Internal perfusion experiments. Planar patch-clamp technology combined with a fast internal perfusion system (Port-a-Patch, Nanion Technologies) was used to examine the kinetics and current density of HCN2 and HCN2EA channels in stably transfected HEK293 cells. Data were digitized at 20 kHz and filtered at 2.9 kHz. Fast and slow capacitive transients were cancelled by the compensation circuit of the EPC-10 double amplifier. All recordings were obtained at room temperature. The extracellular solution was composed of (mM): 110 NaCl, 5 KCl, 1.8 CaCl₂, 0.5 MgCl₂ and 5 HEPES (pH adjusted to 7.4 with NaOH). The intracellular solution contained (mM): 70 KCl, 60 KF, 10 NaCl, 0.5 MgCl₂ and 5 HEPES (pH adjusted to 7.4 with KOH). All solutions were sterile filtered before use. Currents were evoked from a holding potential of –40 mV by applying 2-second pulses of –150 mV every 10 seconds. The effect of 10 μM cAMP was examined by exchanging the standard internal solution with internal solution supplemented with cAMP using the internal perfusion system after the cells reached steady state after rundown.

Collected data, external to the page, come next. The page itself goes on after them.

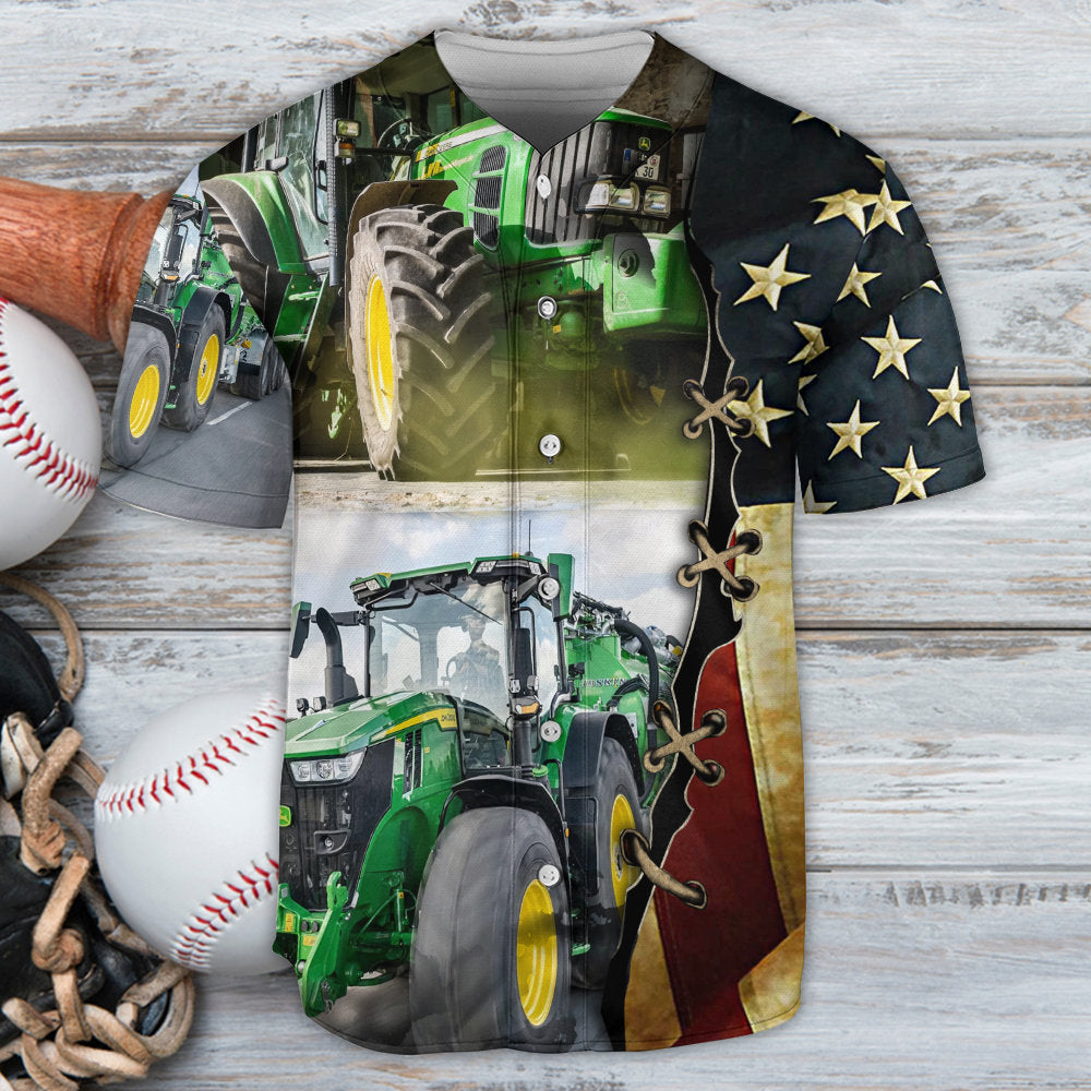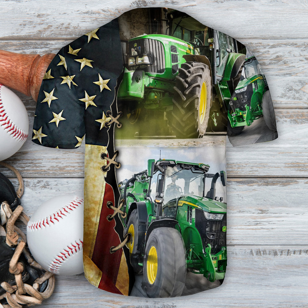 Tractor Independence Day Green Tractor US Flag – Baseball Jersey – Chic Loom
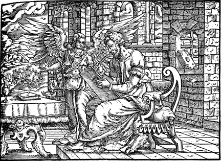 Description: Matthew writes his gospel with his attribute, the angel, nearby.
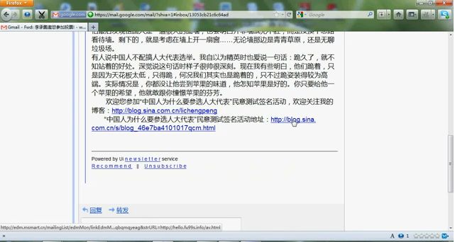 メールを開き、「http://blog.sina.com.cn/******」という、ある新浪ブログのアドレスをクリックする。このアドレス自体は正しいものだが、実際には別のサイトに飛ばされている。
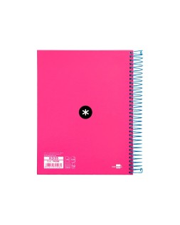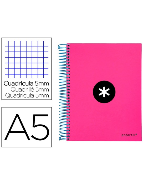 Cuaderno espiral a5 micro antartik tapa forrada 120h 90 gr cuadro 5mm 5 banda s 6 taladros color rosa
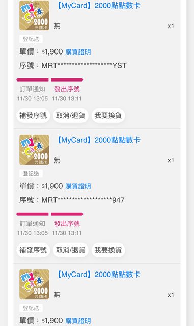 標題[PC] 售 Mycard點數 2000點*3 88折
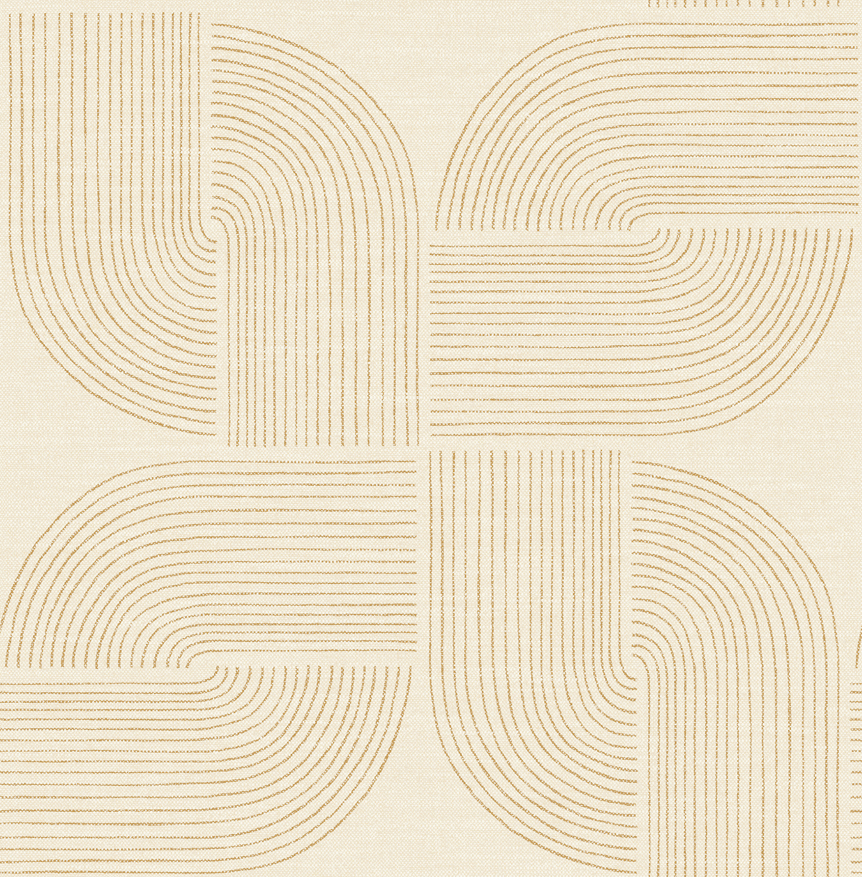 The culmination of linear arches and the stars formed at their center lends Savoye retro flair and lived-in elegance. Featured here with ochre linework against warm beige. Savoye is an unpasted, non-woven wallpaper measuring 20.5 inches wide by 33 feet long, covering approximately 56.4 square feet per roll.

Two-photon calcium imaging. Experiments were carried out in horizontal brain slices as described previously (8, 66–68). We guided a micropipette with a resistance of 3 to 5 MΩ to the VB region in the thalamus and applied pressure (10 psi) for 2–4 minutes to eject the solution from the pipette. Activity of thalamic neurons was monitored by imaging the fluorescence changes with a custom-built 2-photon microscope based on a Ti:sapphire pulsing laser operating at a wavelength of 800 nm and resonant galvo-mirror system (8 or 12 kHz, GSI) through a 40×, 0.8 numerical aperture (Nikon) water immersion objective. Full-frame images were acquired at 40 Hz using custom-written software based on LabView (National Instruments). We performed image analysis offline. Regions of interest (ROIs) were drawn around individual somata, and then relative fluorescence change (ΔF/F) versus time traces were generated for each ROI. Based on the original fluorescence recordings, binary traces were generated in which time points of fluorescence peaks were assigned the value “1” in contrast to “0” for all other time points. A cubic spline interpolation was performed on smoothed autocorrellograms that were calculated for 120-second-long binary traces using Igor Pro software (Wavemetrics). A regular pattern of satellite peaks revealed oscillatory activity.

Statistics. Electrophysiology data were analyzed using PatchMaster software (HEKA Elektronik, Harvard Bioscience). Data plotting and statistical analysis were performed using GraphPad Prism 5. All values are presented as mean ± SEM for the indicated number n of experiments. P values were calculated by Mann-Whitney test or 1- or 2-way analysis of variance (ANOVA) with Bonferroni’s post hoc test. *P < 0.05, **P < 0.01, and ***P < 0.001 were considered statistically significant.

Study approval. The studies were carried out in accordance with the approved guidelines of the local committee of laboratory animal care (District Government of Upper Bavaria) and German Laws on animal welfare (Tierschutzgesetz). The HCN2-KO and HCN2 L2 mouse lines have already been published (8) as well as the Cnga3^–/– Rho^–/– Opn4^–/– triple-KO mouse (36).